# ABOUT THIS EXERCISE
Apart from the pictures, write out the records that follow exactly.
* * * * * * * * *
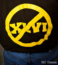 ► In today’s NY Times — Line of scrimmage forms over union bill — The city of Indianapolis is in full preen for its moment in the spotlight, its first Super Bowl. But in the Statehouse a partisan fight over union strength has boiled over. “It’s a forum for this to get out beyond the state of Indiana, for the world to know what’s happening to workers here in Indiana,” said Mike Gillespie of Teamsters Local 135. He wore a T-shirt that bore the numerals of the Super Bowl, XLVI , with a slash through them, a message people here interpreted in various ways.
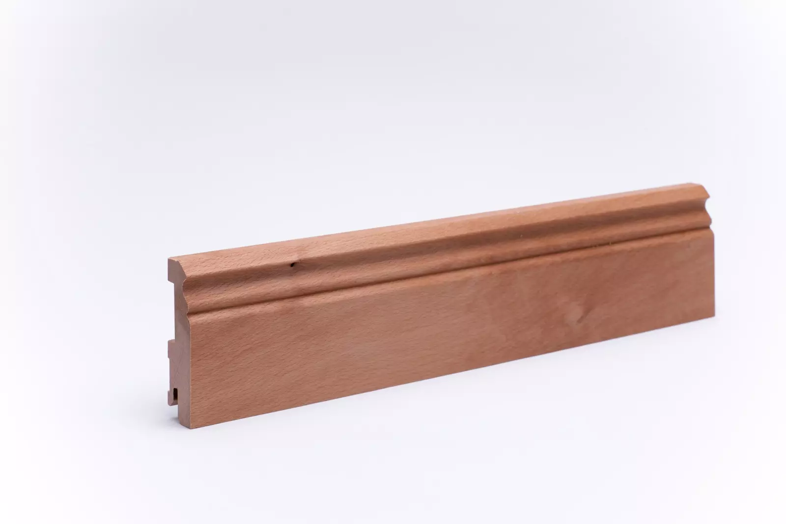 Skirting board made of genuine oiled beech wood with Berlin profile in the dimensions 80mm x 20mm x 2400mm. The profiles are produced from one piece of wood from the trunk and give rise to a harmonious finish in wood and colour structure.
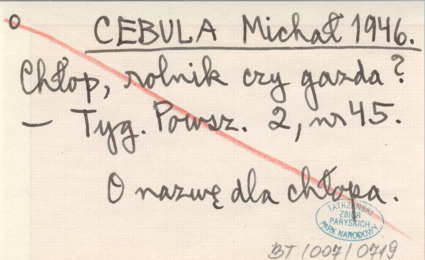 Tygodnik Powszechny, 2, nr 45. O nazwę dla chłopa.
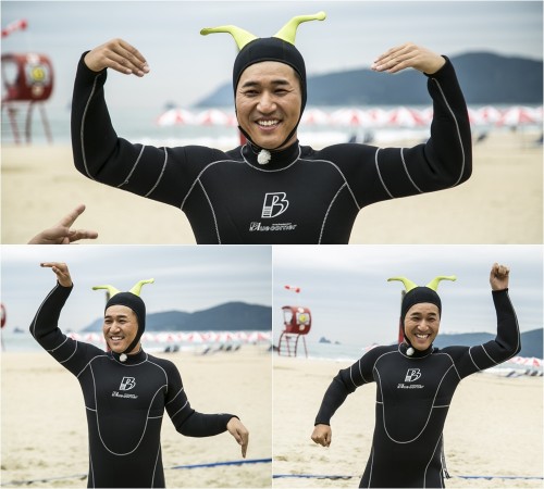공개된 스틸에서 김종민은 트럼프카드 조커와 싱크로율 200%인 모습으로 보는 순간 웃음을 터트리게 만들고 있다. 그는 ‘1박 2일’ 공식 작업복인 타이트한 해녀복을 입은 것도 모자라 초록색 더듬이처럼 보이는 모자까지 쓰고 있어 모두를 폭소케 만들고 있다.
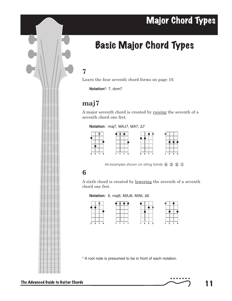 Commonly referred to as jazz chords. The Advanced Guide to Guitar Chords Series provides detailed information on voicing 4-part chords.
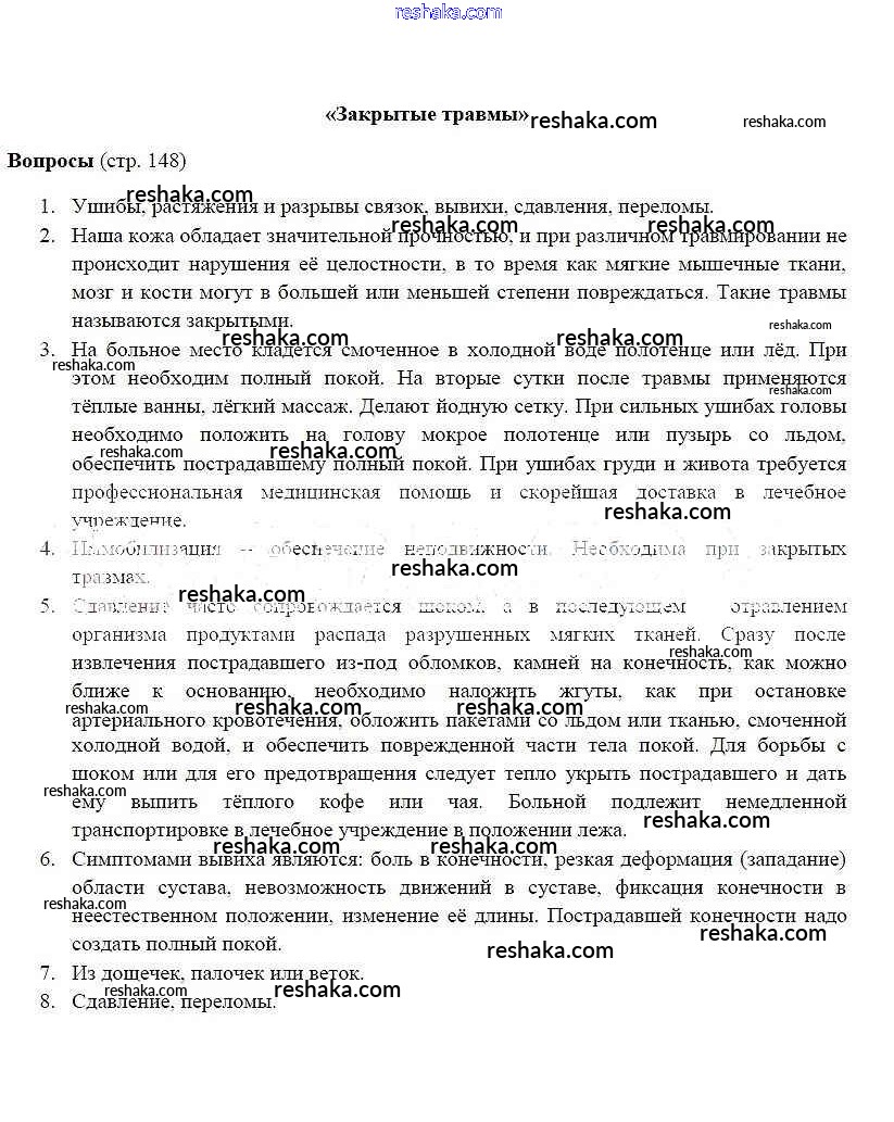 Решака - онлайн ответы ОБЖ Фролов, Шолох за 6 класс Учебник ФГОС 2017 - 148
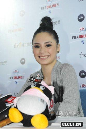 阿娇扎道姑头玩游戏 见QQ仔喜笑颜开
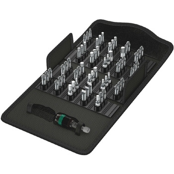 セット内容絶縁ドライバーハンドル 003990(9×98mm)、絶縁マイナスドライバービット 003400・003406・003407・003408(0.4×2.5・0.6×3.5・0.8×4・1×5.5mm)、絶縁プラスドライバービット 003413・003414(PH1・2)、絶縁トルクスドライバービット 003431・003437・003438・003439(TX10・15・20・25)、絶縁ポジドライバービット 003455・003456(PZ1・2)、スクリューグリッパー 4.5-6×41mm、マイナスドライバー 110000(0.4×2.5mm)、両口スパナ 003760(10×13mm)、スピードラチェット 003500(1/4”×152mm)、ビットアダプター 003529(1/4”×37mm)、エクステンション 003525(1/4”×75mm)、1/4”ソケット 003504・003505・003506・003507・003509・003510・003511・003512(5.5・6・7・8・10・11・12・13mm)、ユニバーサルビットホルダー 134480(1/4”×50mm)、プラスビット 072070・072072(PH1・2)、六角ビット 056315・056320・056325・056330(3・4・5・6mm)、トルクスビット 066488(TX25)、面ファスナーストリップ 50×240mm
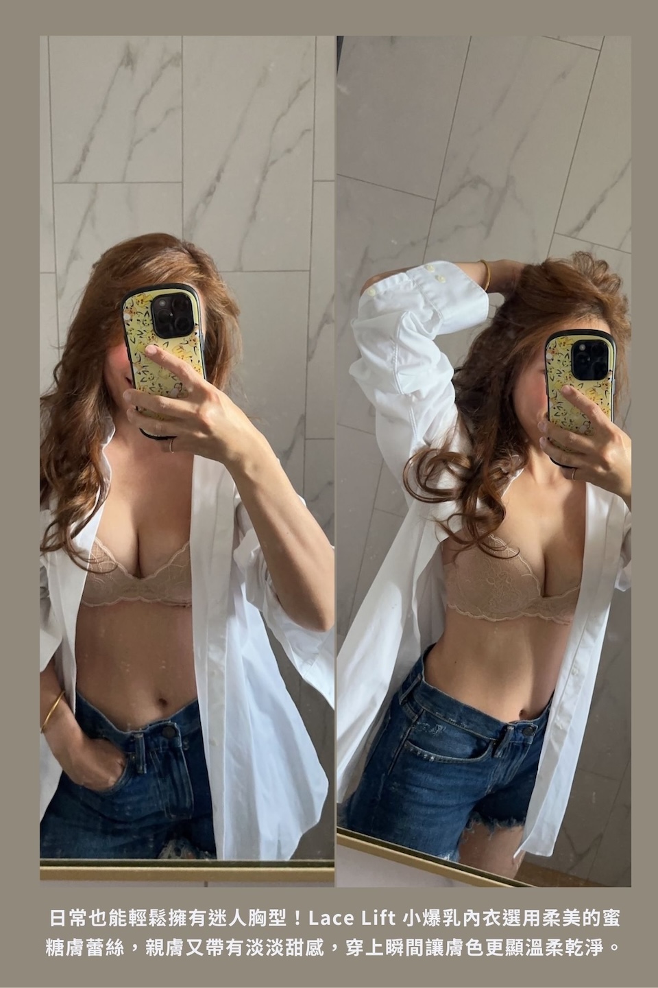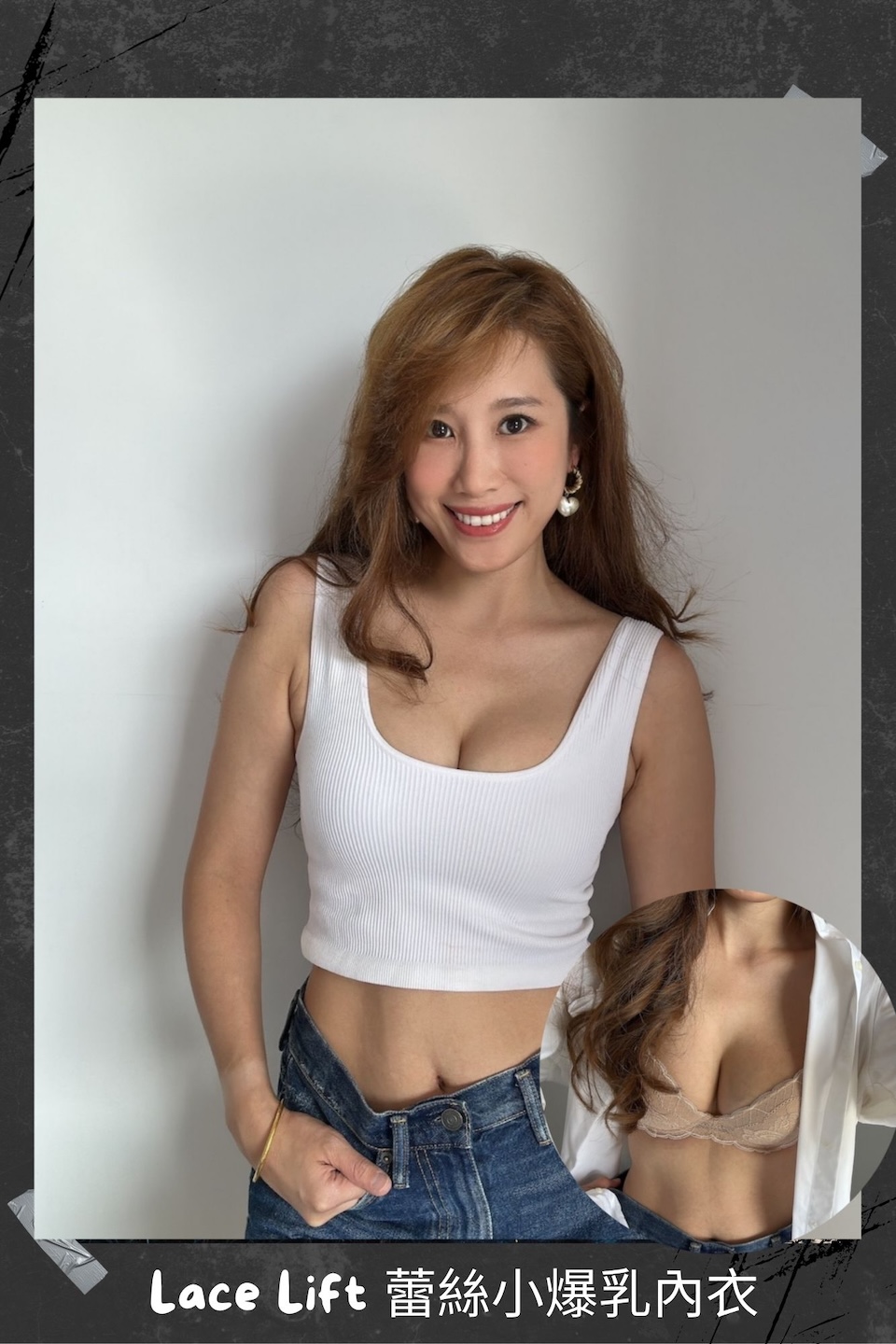 換上 Lace Push Up 蕾絲小爆乳內衣後,胸型立刻被溫柔托高、自然往中線集中,整體曲線變得澎潤又飽滿。
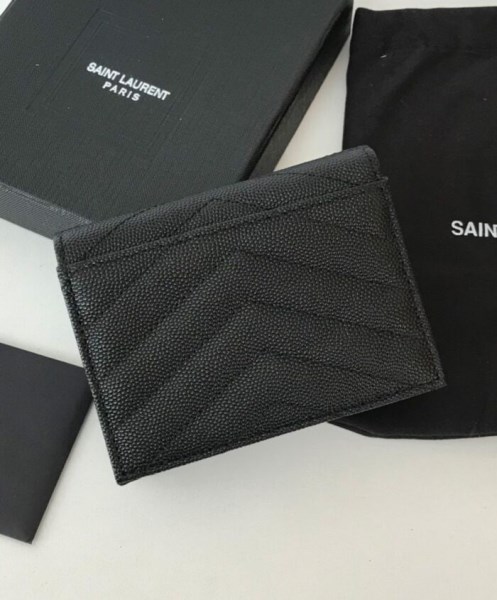 saint laurent wallet with interlaced ysl metal initials and quilted overstitching.
* * * * * * * * *
# OUTPUT FOR THIS EXERCISE
 ► In today’s NY Times — Line of scrimmage forms over union bill — The city of Indianapolis is in full preen for its moment in the spotlight, its first Super Bowl. But in the Statehouse a partisan fight over union strength has boiled over. “It’s a forum for this to get out beyond the state of Indiana, for the world to know what’s happening to workers here in Indiana,” said Mike Gillespie of Teamsters Local 135. He wore a T-shirt that bore the numerals of the Super Bowl, XLVI , with a slash through them, a message people here interpreted in various ways.
 Skirting board made of genuine oiled beech wood with Berlin profile in the dimensions 80mm x 20mm x 2400mm. The profiles are produced from one piece of wood from the trunk and give rise to a harmonious finish in wood and colour structure.
 Tygodnik Powszechny, 2, nr 45. O nazwę dla chłopa.
공개된 스틸에서 김종민은 트럼프카드 조커와 싱크로율 200%인 모습으로 보는 순간 웃음을 터트리게 만들고 있다. 그는 ‘1박 2일’ 공식 작업복인 타이트한 해녀복을 입은 것도 모자라 초록색 더듬이처럼 보이는 모자까지 쓰고 있어 모두를 폭소케 만들고 있다.
 Commonly referred to as jazz chords. The Advanced Guide to Guitar Chords Series provides detailed information on voicing 4-part chords.
 Решака - онлайн ответы ОБЖ Фролов, Шолох за 6 класс Учебник ФГОС 2017 - 148
 阿娇扎道姑头玩游戏 见QQ仔喜笑颜开
 セット内容絶縁ドライバーハンドル 003990(9×98mm)、絶縁マイナスドライバービット 003400・003406・003407・003408(0.4×2.5・0.6×3.5・0.8×4・1×5.5mm)、絶縁プラスドライバービット 003413・003414(PH1・2)、絶縁トルクスドライバービット 003431・003437・003438・003439(TX10・15・20・25)、絶縁ポジドライバービット 003455・003456(PZ1・2)、スクリューグリッパー 4.5-6×41mm、マイナスドライバー 110000(0.4×2.5mm)、両口スパナ 003760(10×13mm)、スピードラチェット 003500(1/4”×152mm)、ビットアダプター 003529(1/4”×37mm)、エクステンション 003525(1/4”×75mm)、1/4”ソケット 003504・003505・003506・003507・003509・003510・003511・003512(5.5・6・7・8・10・11・12・13mm)、ユニバーサルビットホルダー 134480(1/4”×50mm)、プラスビット 072070・072072(PH1・2)、六角ビット 056315・056320・056325・056330(3・4・5・6mm)、トルクスビット 066488(TX25)、面ファスナーストリップ 50×240mm
 換上 Lace Push Up 蕾絲小爆乳內衣後,胸型立刻被溫柔托高、自然往中線集中,整體曲線變得澎潤又飽滿。
 saint laurent wallet with interlaced ysl metal initials and quilted overstitching.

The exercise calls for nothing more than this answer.